First up was the honored guest reading (which is always on Sunday morning and always a must-see for me). Ted Chiang (whose panels I somehow managed to completely miss) gave an excellent and thought-provoking talk about life-logging and its potential effects on memory, both good and bad, a sort of non-fictional response to his story The Truth of Fact, the Truth of Feeling. Donna Haraway read from her work in progress (and covered very much the same ground as the presentation she gave yesterday; it was well down, but I found myself wishing that she had done something different). And Jo Walton read a sonnet and the opening section of her book The Just City, which may have moved somewhat further up my to-read list. Walton is a particularly gifted reader -- she infuses her words with life and humor.
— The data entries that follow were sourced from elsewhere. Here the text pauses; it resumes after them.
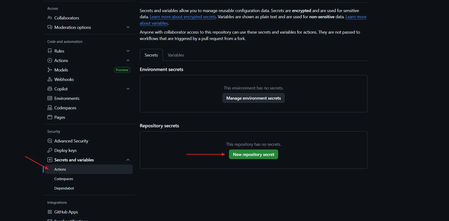 Isso é feito através das secrets (variáveis de ambiente), que se encontra nas configurações do seu repositório: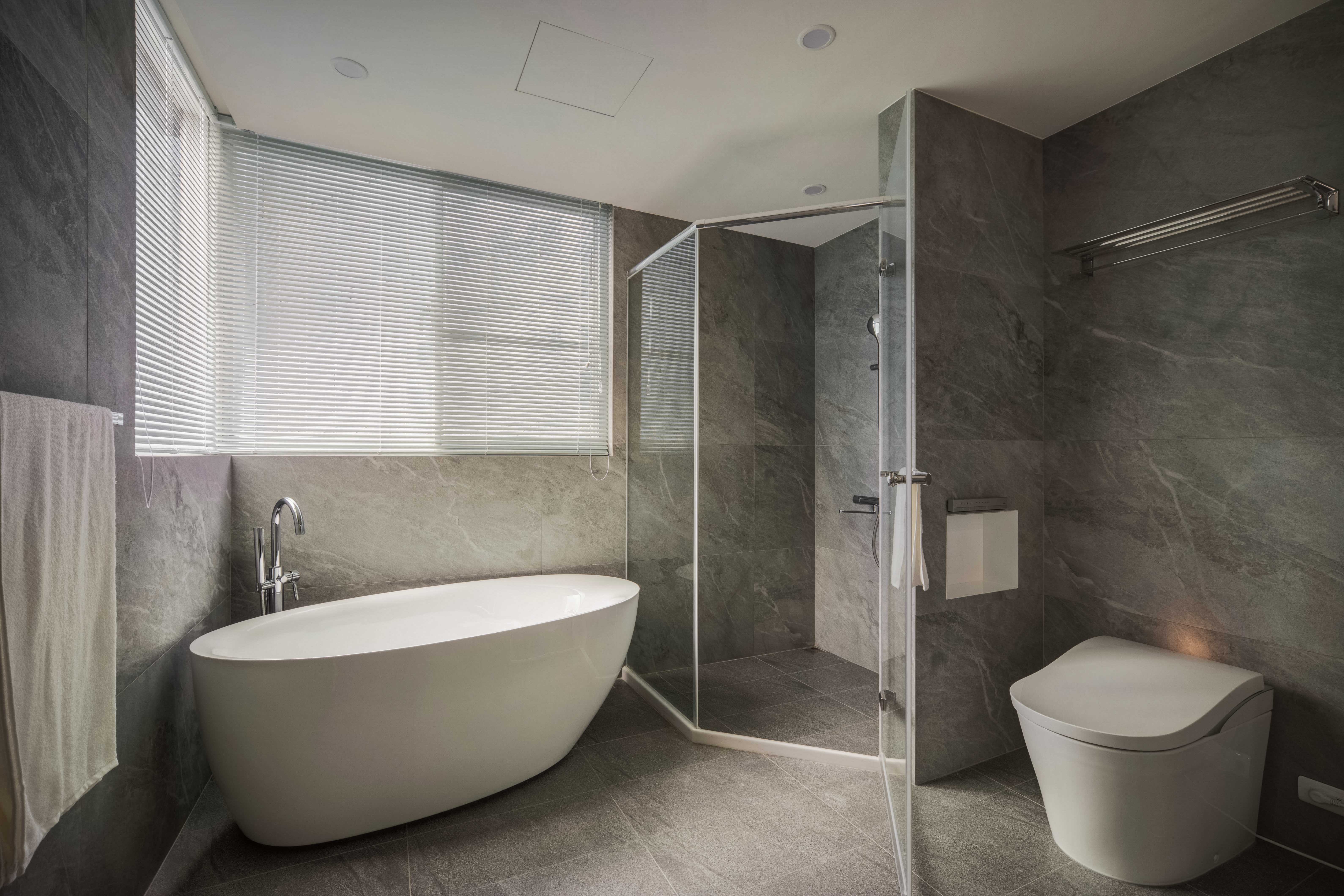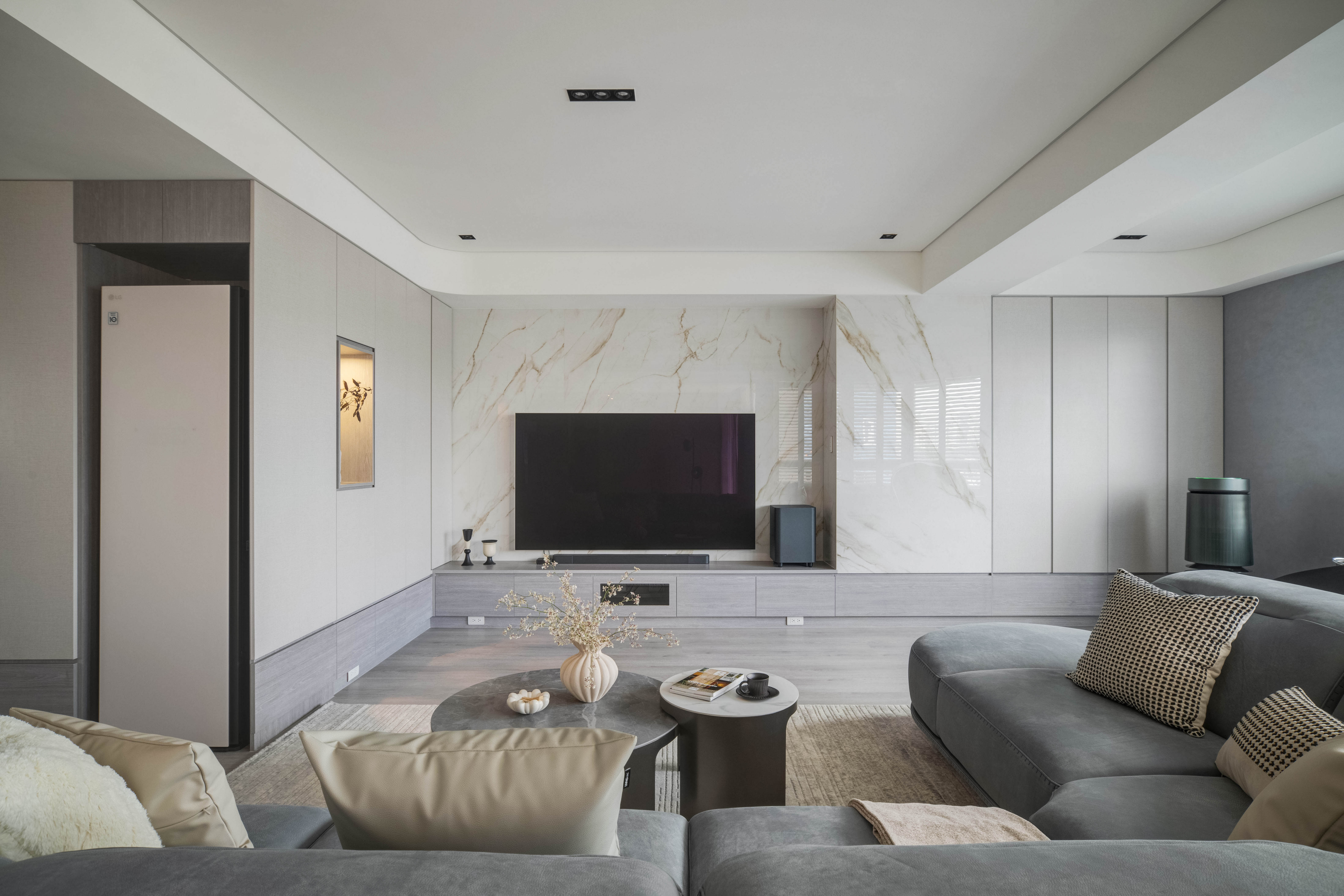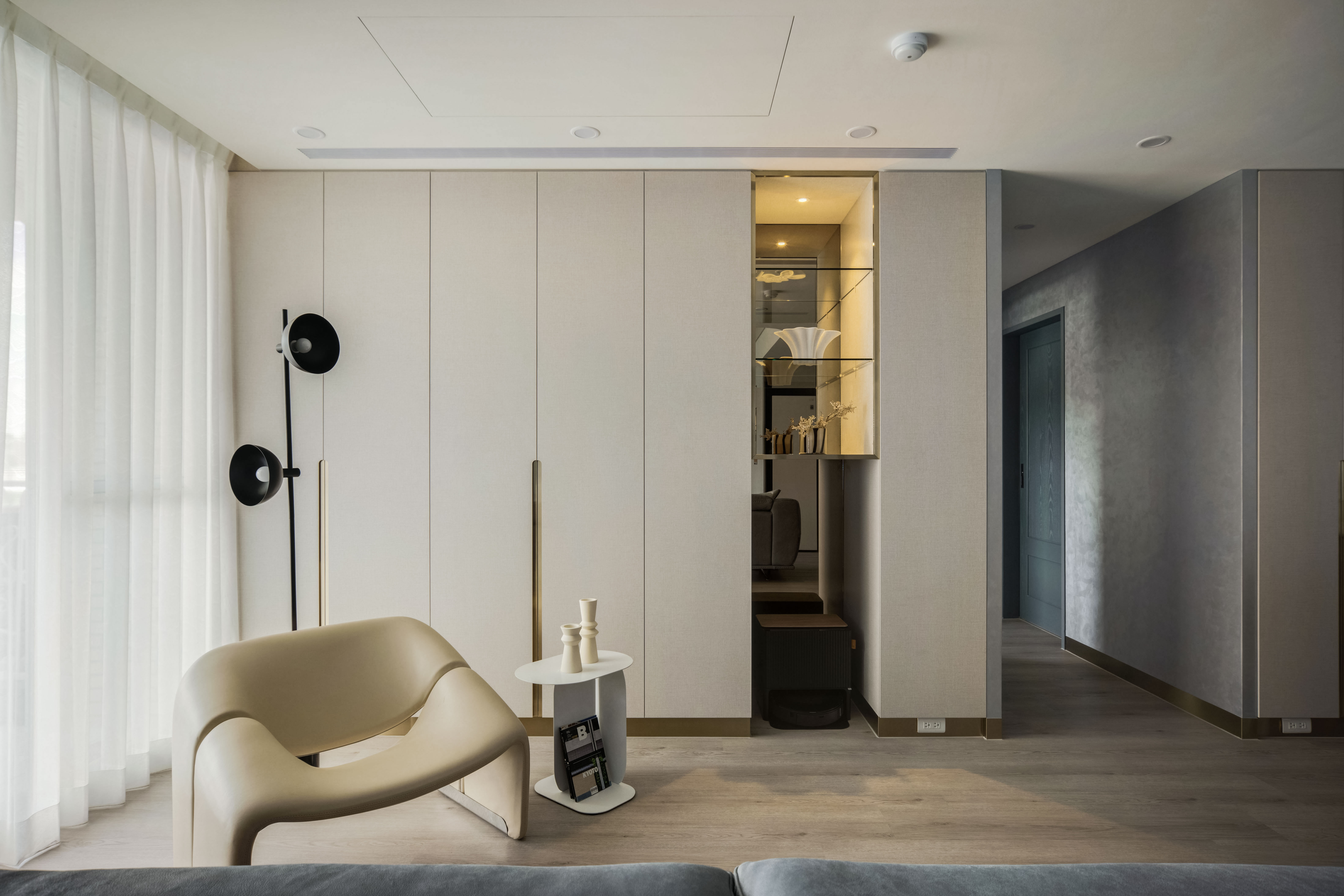 As the primary palette, neutral earthy tones flow throughout the project, rising vertically from dark brown flooring to gray-beige walls and a light-toned ceiling. This gradation grounds the space with calmness while extending its visual depth. The design team carefully balanced the use of stone-veined slabs and titanium-plated finishes with matte latex paint, creating textures that feel both cool and warm to the touch. This intentional balance enhances the effect of natural light, allowing it to trace along surfaces and materials, and in doing so, maintains a poised harmony between softness and serenity across the entire interior.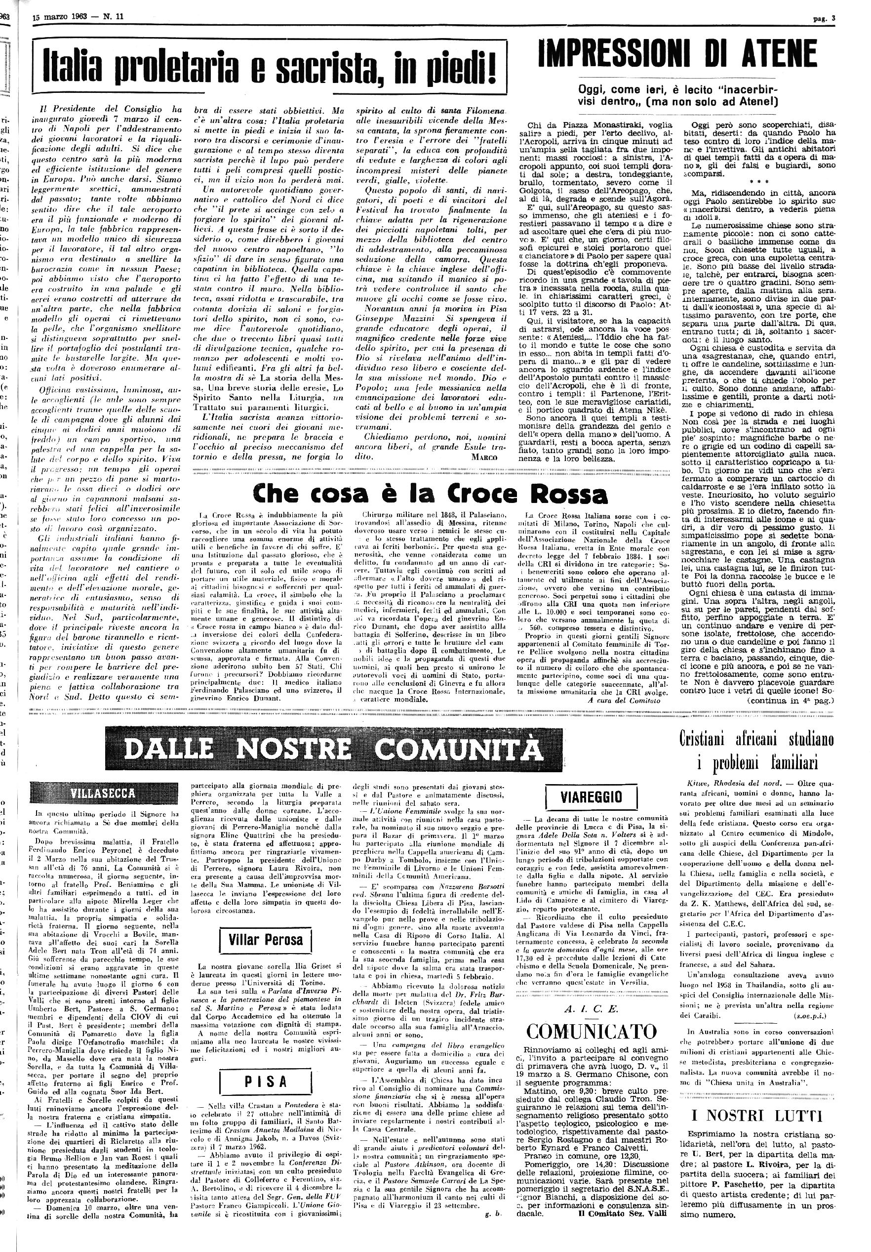 ' Anno xeni - Num. 11 ABBONAMENTI / Eco: L. 1.500 per l’initemo « Eco de« Presenza Evangelica » | Spedir, abb. poetale - I Gruppo 1 TORRE PEIXICE - 15 Marzo 1963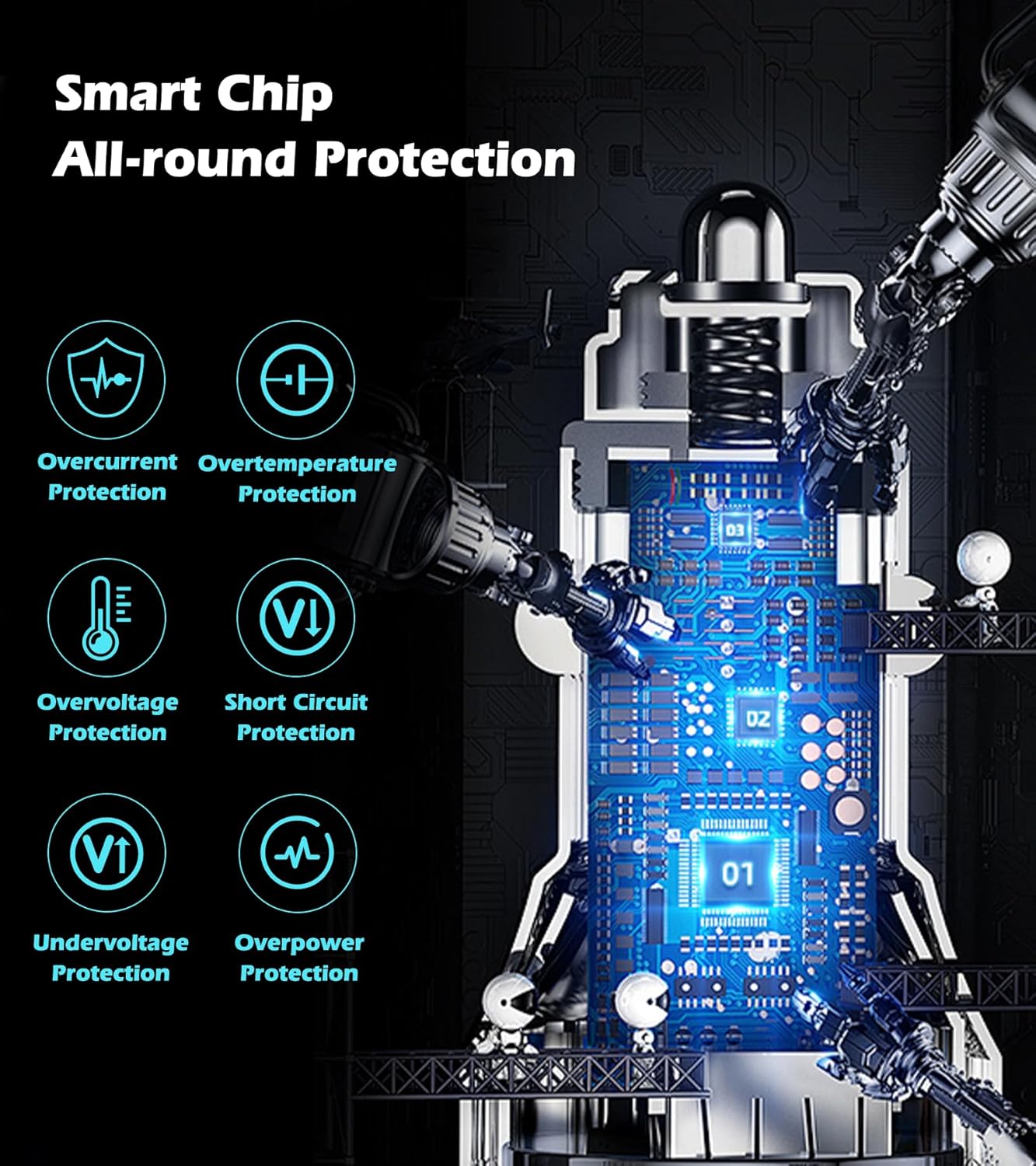 Car Bluetooth safety features protection against overcharging, voltage spikes, overheating, and short circuits, ensuring efficient and secure charging for your devices.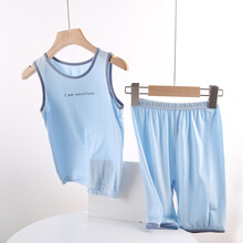 此心如衣男童睡衣夏季薄款冰丝无袖背心短裤套装套头两件套儿童莫代尔外穿家居服宝宝小孩中大童夏天 月光蓝 吊牌150码-建议身高140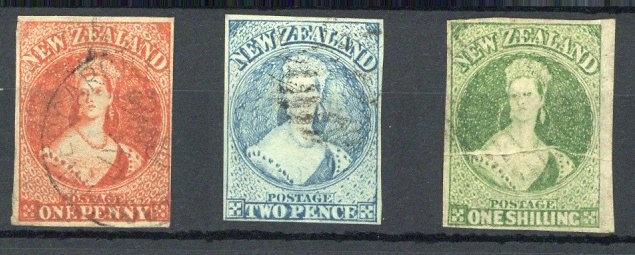 1d. carmine-vermilion with just clear to large margins and Invercargill c.d.s., 2d. pale blue with clear to good margins, and 1/- green with good to very large margins and lightly cancelled, pre-printing horizontal paper crease. S.G. 97, 98, 100, £900
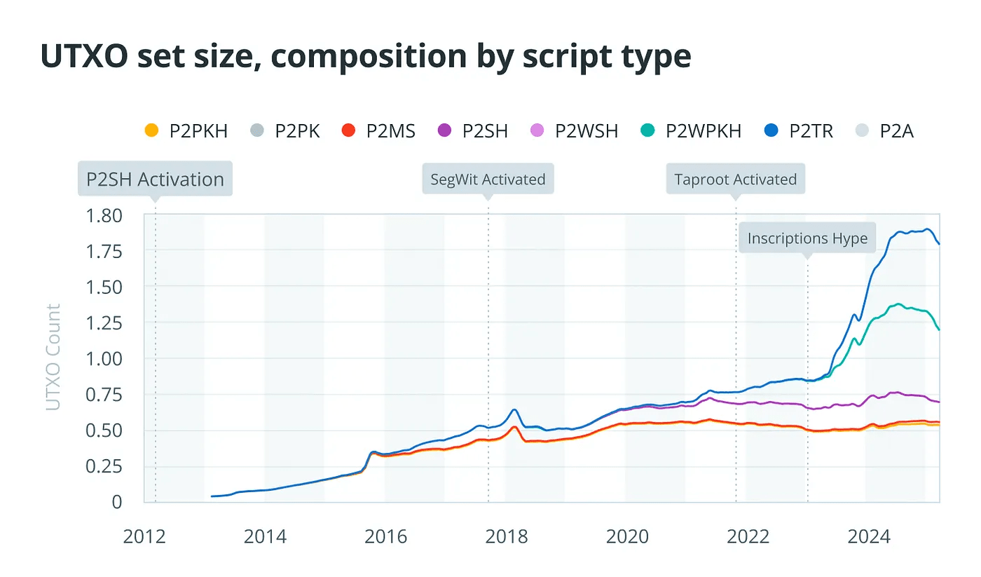 P2TR è comune per numero, circa il 32,5% degli UTXO, ma piccolo per valore nello stesso istante, circa lo 0,74% o 146.715 BTC. La sua esposizione è legata al design della chiave-path di Taproot, dove una chiave pubblica modificata è visibile on-chain.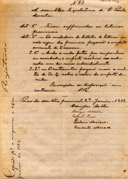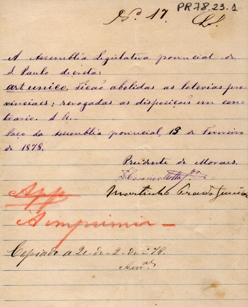 Projeto de Lei nº 17, de 19 de fevereiro de 1878, de autoria de Prudente de Moraes, abolindo as loterias provinciais.

After lunch came the Draconic Appreciation Society panel, for which I had high hopes, and those hopes were realized. Marie Brennan was on it -- always a plus in a panel, for me, but especially since I really love the dragon series she's currently writing (the Isabela Trent books). Jo Walton was on the panel as well, and it was just generally a good mix of entertaining panel and enthusiastic audience. Discussion started with the history of dragon myths in Europe, and Jo Walton's theory that Northern dragons are based on stories about snake creatures -- when there were no snakes in Scandinavia. From there, they talked about dragons in different cultures (and the curious fact that many different types of creatures are all recognizable as dragons), books that disappoint their readers by having dragons in the title but not in the story, whether dragons always mean fantasy (like space ships always mean science fiction) and what that means for books like Pern, and whether the discovery that dinosaurs had feathers is going to start influencing dragon design in the future. I was actually the first person to bring up the Temeraire series, in the context of dragons as partners to humans rather than either pets (ala Pern) or threats (like Smaug or Dragon Age), but then someone in the audience linked that to the different dragon myths in cultures around the world.
Afterwards, I had my second opportunity of the weekend to geek out over Dragon Age with Marie Brennan, which is one of the things that has most boggled my mind about going to cons: the idea of chatting with authors who I admire about totally unrelated works that we're both fans of. I'm glad to be getting less shy about that sort of thing, and I hope I'm able to not become completely star-struck when the time comes at WisCon.